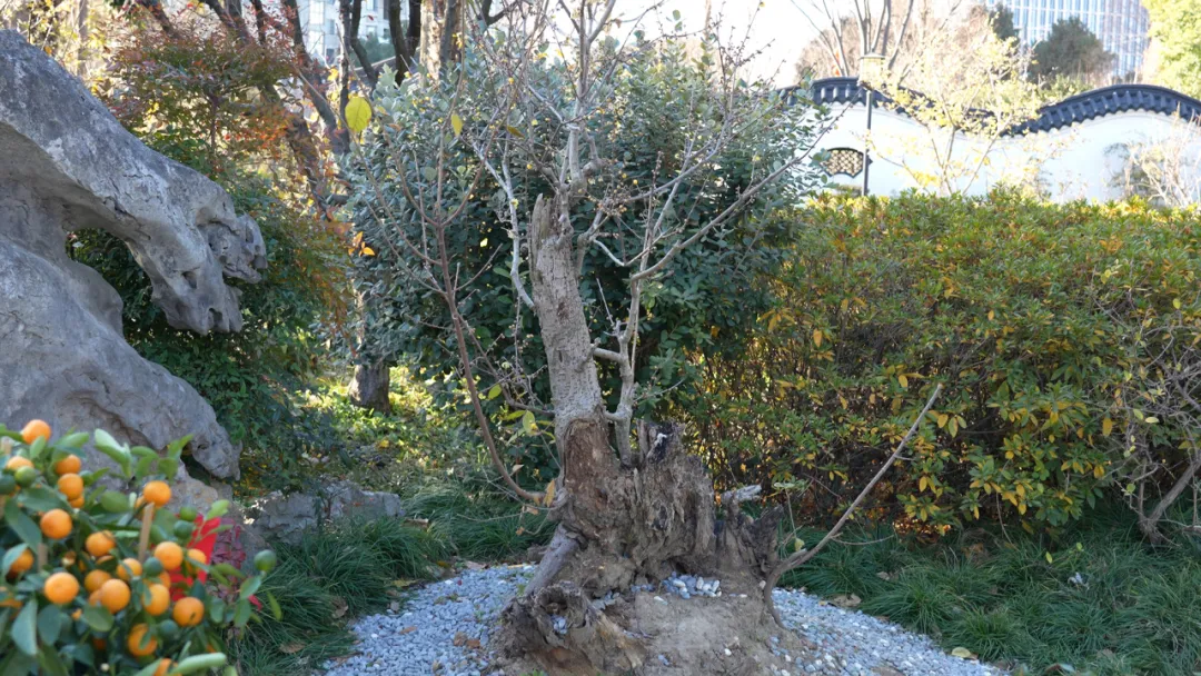 它们形态各异,有的苍劲古朴,有的婉约柔美,每一株都蕴含着岁月的痕迹和生命的坚韧。其中,一株树龄超过300年的老梅桩尤为引人注目,它在一棵枝干上同时长出了狗蝇蜡梅和素心蜡梅两种截然不同的花卉品种,别具一格。目前,真如公园内已有90余盆上百年的蜡梅桩,为游客们提供了更多观赏的乐趣。
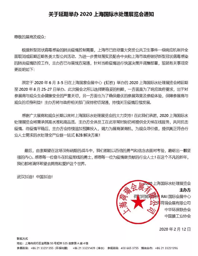 為全力支持打贏疫情防控阻擊戰(zhàn),貫徹落實(shí)上海市疫情防控工作領(lǐng)導(dǎo)小組的防疫工作指導(dǎo)方針,切實(shí)保障廣大展商和觀眾的身體健康和安全,確保展覽會(huì)的展示和觀展效果,原定于2020年6月3-5日在上海國(guó)家會(huì)展中心(虹橋)舉辦的2020上海國(guó)際水處理展覽會(huì)將延期至2020年8月25-27日舉辦。我們將繼續(xù)密切關(guān)注展會(huì)動(dòng)態(tài),希望我們能在上海水展搭建上為您添磚加瓦。!上海水展設(shè)計(jì)搭建公司領(lǐng)藝展覽在此非常時(shí)刻仍將提供全天候在線服務(wù),共同抗擊疫情。預(yù)祝各位朋友收獲多多,滿載而歸!
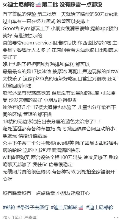 她特别提到,自己去过不少邮轮首航,皇家、MSC都赶上过,没有一次特别顺利的,而大部分首航客人对迪士尼服务其实也不算特别不满,工作人员一直在很努力地创造快乐情绪,只是差评在社交媒体上被放大了。
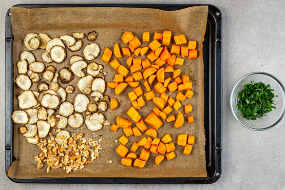 Die Walnüsse grob hacken und auf dem Backblech mit dem Gemüse die letzten 3–4Min. der Garzeit mitrösten. Die Petersilie samt Stängeln fein schneiden.

━━━

Please write out only the material above, exactly, from its first line through the line that contains "她特别提到,自己去过不少邮轮", and include no pictures.

SOLVED PROBLEM
 它们形态各异,有的苍劲古朴,有的婉约柔美,每一株都蕴含着岁月的痕迹和生命的坚韧。其中,一株树龄超过300年的老梅桩尤为引人注目,它在一棵枝干上同时长出了狗蝇蜡梅和素心蜡梅两种截然不同的花卉品种,别具一格。目前,真如公园内已有90余盆上百年的蜡梅桩,为游客们提供了更多观赏的乐趣。
 為全力支持打贏疫情防控阻擊戰(zhàn),貫徹落實(shí)上海市疫情防控工作領(lǐng)導(dǎo)小組的防疫工作指導(dǎo)方針,切實(shí)保障廣大展商和觀眾的身體健康和安全,確保展覽會(huì)的展示和觀展效果,原定于2020年6月3-5日在上海國(guó)家會(huì)展中心(虹橋)舉辦的2020上海國(guó)際水處理展覽會(huì)將延期至2020年8月25-27日舉辦。我們將繼續(xù)密切關(guān)注展會(huì)動(dòng)態(tài),希望我們能在上海水展搭建上為您添磚加瓦。!上海水展設(shè)計(jì)搭建公司領(lǐng)藝展覽在此非常時(shí)刻仍將提供全天候在線服務(wù),共同抗擊疫情。預(yù)祝各位朋友收獲多多,滿載而歸!
 她特别提到,自己去过不少邮轮首航,皇家、MSC都赶上过,没有一次特别顺利的,而大部分首航客人对迪士尼服务其实也不算特别不满,工作人员一直在很努力地创造快乐情绪,只是差评在社交媒体上被放大了。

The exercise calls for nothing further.